** What you need to do **
Return the listing exactly, please; no pictures.

Data shown section start

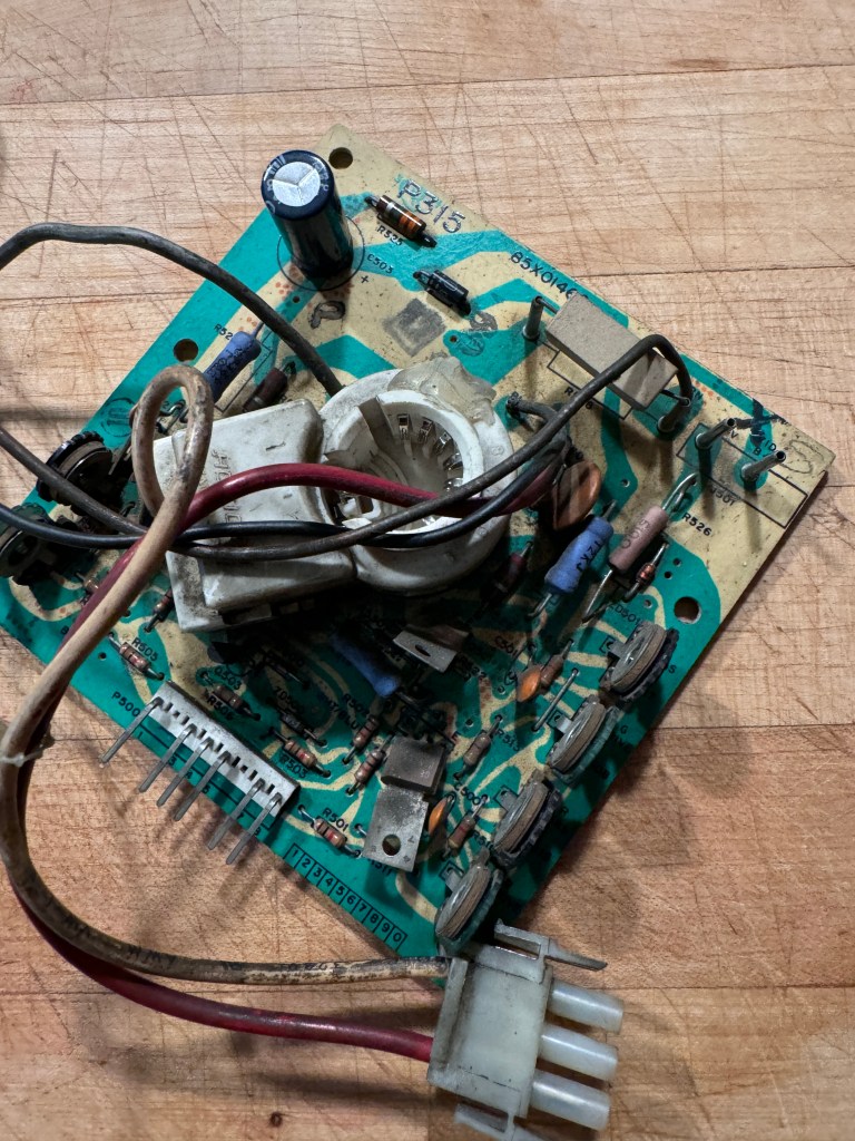 Here is where it started. Many components have been replaced – there is a lot of prior work. I didn’t get a good angle – but many of the replaced parts are floating way off the board, mostly diodes and the resistors. Many of the new blue resistors are very over wattage from what I can tell. My concern with that is they can allow other components to burn up during a failure (or worse) when they should go first..
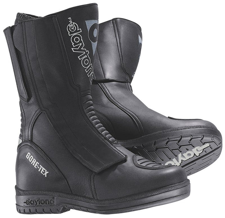 Boot spécial avec une semelle intermédiaire d'environ 6 cm de plus dans le liège au talon, ce qui facilite l'atteinte à la fois au repose-pied et au sol. Le coffre a une partie extérieure dans un fort temps à temps plein à temps plein à temps plein à plein essor et est équipé de membranes Gore-Tex® imperméables et respiratoires et de textiles à l'intérieur (polyamide à 80% / polyester à 20%). Réglages velcro sur l'arbre pour personnaliser la largeur ainsi que la fermeture via des fermetures à glissière doubles pour une entrée simple. Intérieur en cuir sur l'arbre intérieur et renforcement en mousse PU durable au levier de vitesses. Protection anatomiquement conçue pour le tibia avec rembourrage en latex et protection des chevilles des deux côtés qui étaient rembourrées avec de la mousse spéciale avec des cellules ouvertes. Semelle centrale en mousse et en plastique PU qui est renforcé avec de l'acier galvanisé, ce qui le rend rigide mais qui marche toujours. Fourni avec un réflexe de 3M-Scotchlite et une semelle de tournée robuste qui est également à l'épreuve du glissement. Hauteur de l'arbre environ. 30 cm.
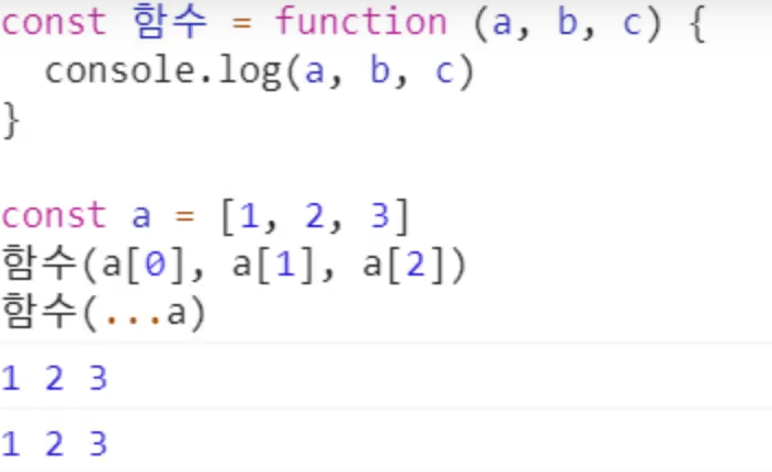 전개 연산자 - 매개변수에 ... 으로 배열을 넣어도 성립된다.
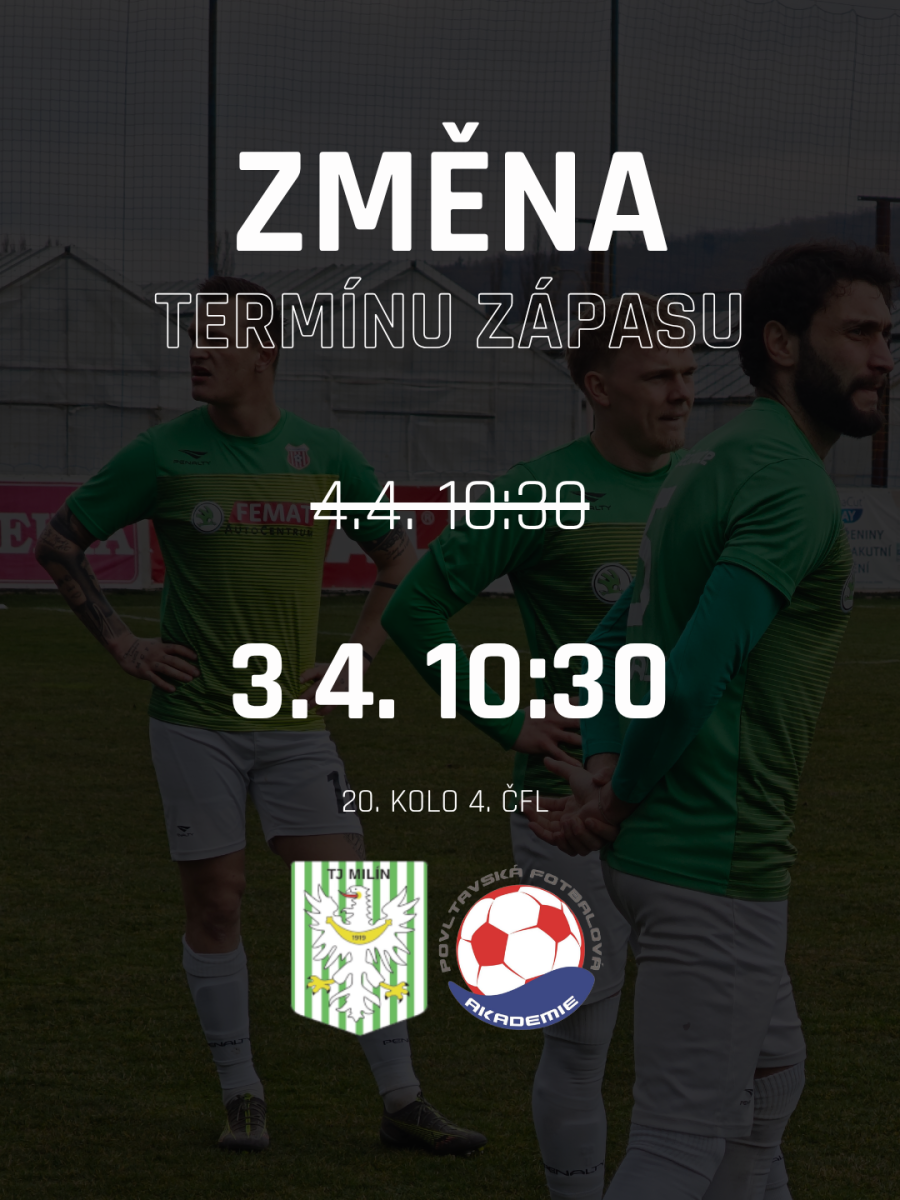 Mezi velikonočními svátky má mužstvo na programu zápas na hřišti Milína. Po dohodě klubů došlo ke změně termínu utkání – původní sobotní termín (4. 4. od 10:30) se ruší a nahrazuje jej pátek 3. 4., se stejným dopoledním časem výkopu v 10:30.
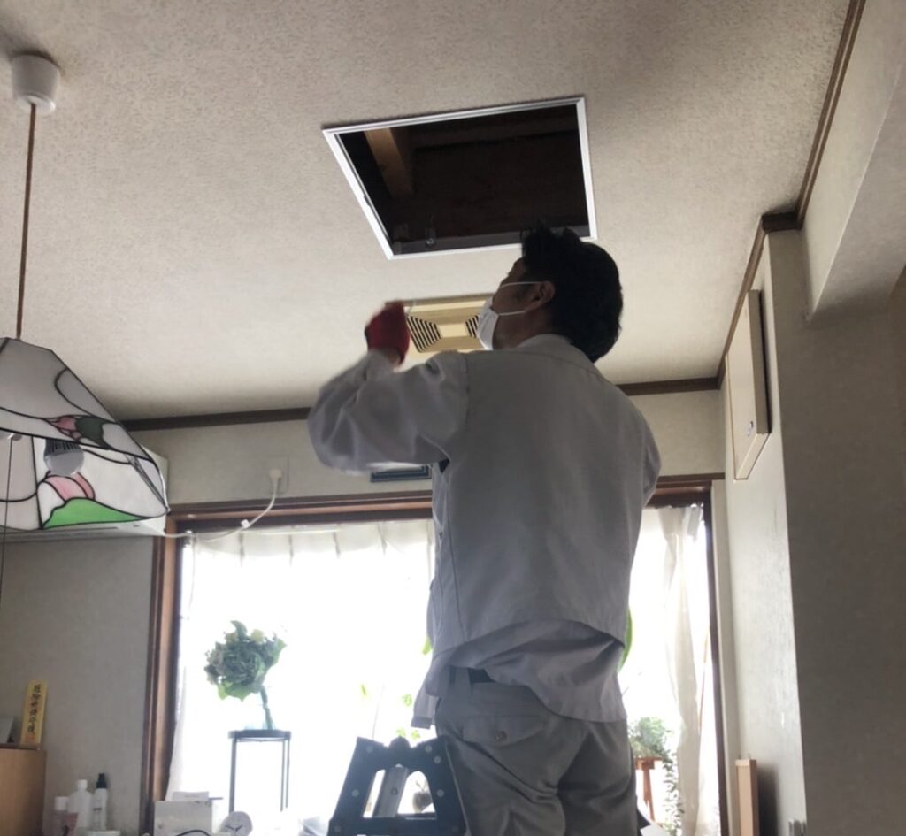 天井裏に入るとイタチが堂々と歩いており、近づくと威嚇してくる状況でした。
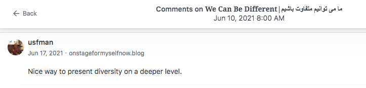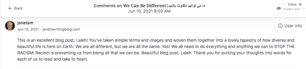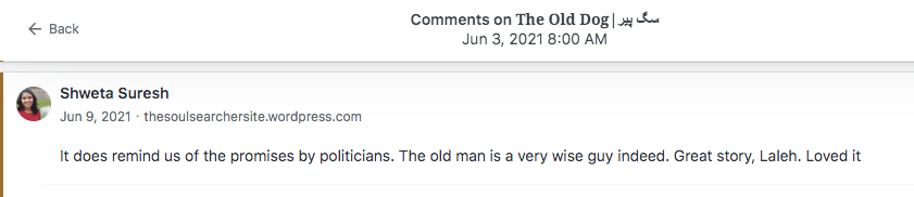 Reviews and comments By Laleh ChiniJuly 15, 2023 ( 12 ) My little appreciation to my dear followers; all related to my blog. Share this: Click to share on X (Opens in new window) X Click to share on Facebook (Opens in new window) Facebook Click to share on LinkedIn (Opens in new window) LinkedIn Click to share on Tumblr (Opens in new window) Tumblr Click to share on Telegram (Opens in new window) Telegram Like Loading... Categories: award winner, bedtime story, folk tale, moral, Short Story, StorytellingTags: moral, narrative, short stories, storyteller, Uncategorized Related Articles Our Own True Place/جایگاه واقعی ما By Laleh Chini1 day ago Reviews and comments By Laleh Chini4 days ago Expensive Return Ticket/بلیط رفت و برگشت گرانقیمت By Laleh Chini1 week ago 12 comments › christinenovalarue July 15, 2023 • 7:33 am 💖 LikeLiked by 1 person Reply ↓ Laleh Chini July 17, 2023 • 8:27 am ❤️❤️❤️ LikeLike Reply ↓ Cindy Georgakas July 18, 2023 • 7:07 pm Congratulations, well deserved Laleh💕💕 LikeLiked by 1 person Reply ↓ Laleh Chini July 19, 2023 • 1:38 pm Thanks so much Cindy.❤️😘 LikeLiked by 1 person Reply ↓ Cindy Georgakas July 19, 2023 • 2:13 pm You’re welcome Laleh💕💕 LikeLiked by 1 person Jonathan Caswell July 21, 2023 • 10:27 pm Reblogged this on By the Mighty Mumford and commented: MORE—MORE—! APPLAUSE! LikeLiked by 1 person Reply ↓ Laleh Chini July 23, 2023 • 8:18 am Appreciate your support.🌷 LikeLiked by 1 person Reply ↓ Jonathan Caswell July 23, 2023 • 10:33 am You da storyteller!!!!!! 😀 LikeLiked by 1 person John Solomon Mamman Azi August 11, 2023 • 2:35 pm Well done Laleh Chini. Please I need a favor LikeLiked by 1 person Reply ↓ Laleh Chini August 11, 2023 • 4:29 pm Thank you John, sure. LikeLiked by 1 person Reply ↓ John Solomon Mamman Azi August 12, 2023 • 7:37 pm So I’m much welcome then. So honoured Ma Laleh Chini. Thanks. LikeLiked by 1 person Laleh Chini August 13, 2023 • 5:21 pm Awww, you are so kind.🌷 LikeLiked by 1 person Leave a comment Cancel reply Δ
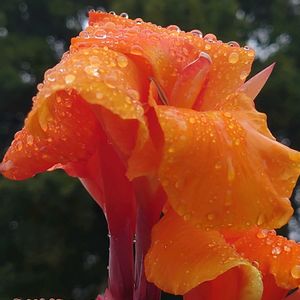 こんにちは✋ 雨粒の付いた🩵 カンナ🧡 雨の合間を見て 行ってきました 空には雨雲が 広がっていますが カンナの周りは 明るく感じました🤗 雨粒の付いたカンナ 綺麗です✨️ ✾3枚目 ツブツブの雨粒を弾く 斑入り葉っぱ🌿💚 10月16日🚶♀️で 撮影しました☺️📱✨️
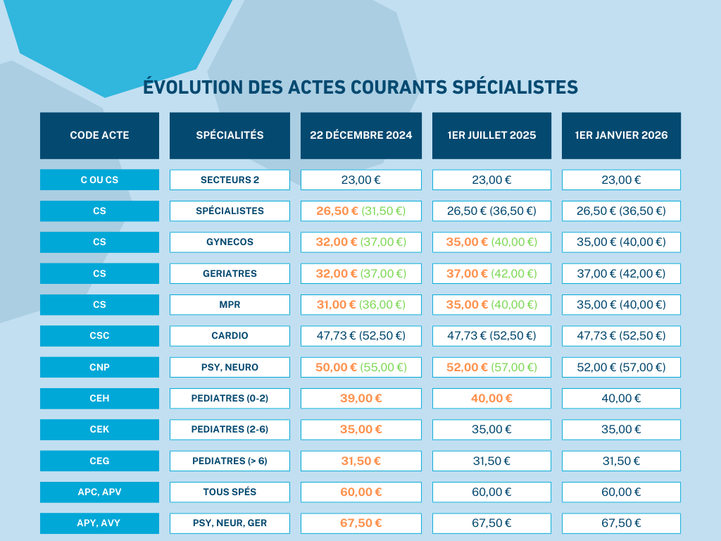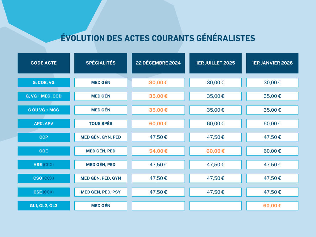 Note : En vert, actes réels avec la MCS (+5€) et les MPC, MCC et MGM avant le 22 décembre 2024. |

Data shown section end

** Solution to the exercise **
 Here is where it started. Many components have been replaced – there is a lot of prior work. I didn’t get a good angle – but many of the replaced parts are floating way off the board, mostly diodes and the resistors. Many of the new blue resistors are very over wattage from what I can tell. My concern with that is they can allow other components to burn up during a failure (or worse) when they should go first..
 Boot spécial avec une semelle intermédiaire d'environ 6 cm de plus dans le liège au talon, ce qui facilite l'atteinte à la fois au repose-pied et au sol. Le coffre a une partie extérieure dans un fort temps à temps plein à temps plein à temps plein à plein essor et est équipé de membranes Gore-Tex® imperméables et respiratoires et de textiles à l'intérieur (polyamide à 80% / polyester à 20%). Réglages velcro sur l'arbre pour personnaliser la largeur ainsi que la fermeture via des fermetures à glissière doubles pour une entrée simple. Intérieur en cuir sur l'arbre intérieur et renforcement en mousse PU durable au levier de vitesses. Protection anatomiquement conçue pour le tibia avec rembourrage en latex et protection des chevilles des deux côtés qui étaient rembourrées avec de la mousse spéciale avec des cellules ouvertes. Semelle centrale en mousse et en plastique PU qui est renforcé avec de l'acier galvanisé, ce qui le rend rigide mais qui marche toujours. Fourni avec un réflexe de 3M-Scotchlite et une semelle de tournée robuste qui est également à l'épreuve du glissement. Hauteur de l'arbre environ. 30 cm.
 전개 연산자 - 매개변수에 ... 으로 배열을 넣어도 성립된다.
 Mezi velikonočními svátky má mužstvo na programu zápas na hřišti Milína. Po dohodě klubů došlo ke změně termínu utkání – původní sobotní termín (4. 4. od 10:30) se ruší a nahrazuje jej pátek 3. 4., se stejným dopoledním časem výkopu v 10:30.
 天井裏に入るとイタチが堂々と歩いており、近づくと威嚇してくる状況でした。
 Reviews and comments By Laleh ChiniJuly 15, 2023 ( 12 ) My little appreciation to my dear followers; all related to my blog. Share this: Click to share on X (Opens in new window) X Click to share on Facebook (Opens in new window) Facebook Click to share on LinkedIn (Opens in new window) LinkedIn Click to share on Tumblr (Opens in new window) Tumblr Click to share on Telegram (Opens in new window) Telegram Like Loading... Categories: award winner, bedtime story, folk tale, moral, Short Story, StorytellingTags: moral, narrative, short stories, storyteller, Uncategorized Related Articles Our Own True Place/جایگاه واقعی ما By Laleh Chini1 day ago Reviews and comments By Laleh Chini4 days ago Expensive Return Ticket/بلیط رفت و برگشت گرانقیمت By Laleh Chini1 week ago 12 comments › christinenovalarue July 15, 2023 • 7:33 am 💖 LikeLiked by 1 person Reply ↓ Laleh Chini July 17, 2023 • 8:27 am ❤️❤️❤️ LikeLike Reply ↓ Cindy Georgakas July 18, 2023 • 7:07 pm Congratulations, well deserved Laleh💕💕 LikeLiked by 1 person Reply ↓ Laleh Chini July 19, 2023 • 1:38 pm Thanks so much Cindy.❤️😘 LikeLiked by 1 person Reply ↓ Cindy Georgakas July 19, 2023 • 2:13 pm You’re welcome Laleh💕💕 LikeLiked by 1 person Jonathan Caswell July 21, 2023 • 10:27 pm Reblogged this on By the Mighty Mumford and commented: MORE—MORE—! APPLAUSE! LikeLiked by 1 person Reply ↓ Laleh Chini July 23, 2023 • 8:18 am Appreciate your support.🌷 LikeLiked by 1 person Reply ↓ Jonathan Caswell July 23, 2023 • 10:33 am You da storyteller!!!!!! 😀 LikeLiked by 1 person John Solomon Mamman Azi August 11, 2023 • 2:35 pm Well done Laleh Chini. Please I need a favor LikeLiked by 1 person Reply ↓ Laleh Chini August 11, 2023 • 4:29 pm Thank you John, sure. LikeLiked by 1 person Reply ↓ John Solomon Mamman Azi August 12, 2023 • 7:37 pm So I’m much welcome then. So honoured Ma Laleh Chini. Thanks. LikeLiked by 1 person Laleh Chini August 13, 2023 • 5:21 pm Awww, you are so kind.🌷 LikeLiked by 1 person Leave a comment Cancel reply Δ
 こんにちは✋ 雨粒の付いた🩵 カンナ🧡 雨の合間を見て 行ってきました 空には雨雲が 広がっていますが カンナの周りは 明るく感じました🤗 雨粒の付いたカンナ 綺麗です✨️ ✾3枚目 ツブツブの雨粒を弾く 斑入り葉っぱ🌿💚 10月16日🚶♀️で 撮影しました☺️📱✨️
 Note : En vert, actes réels avec la MCS (+5€) et les MPC, MCC et MGM avant le 22 décembre 2024. |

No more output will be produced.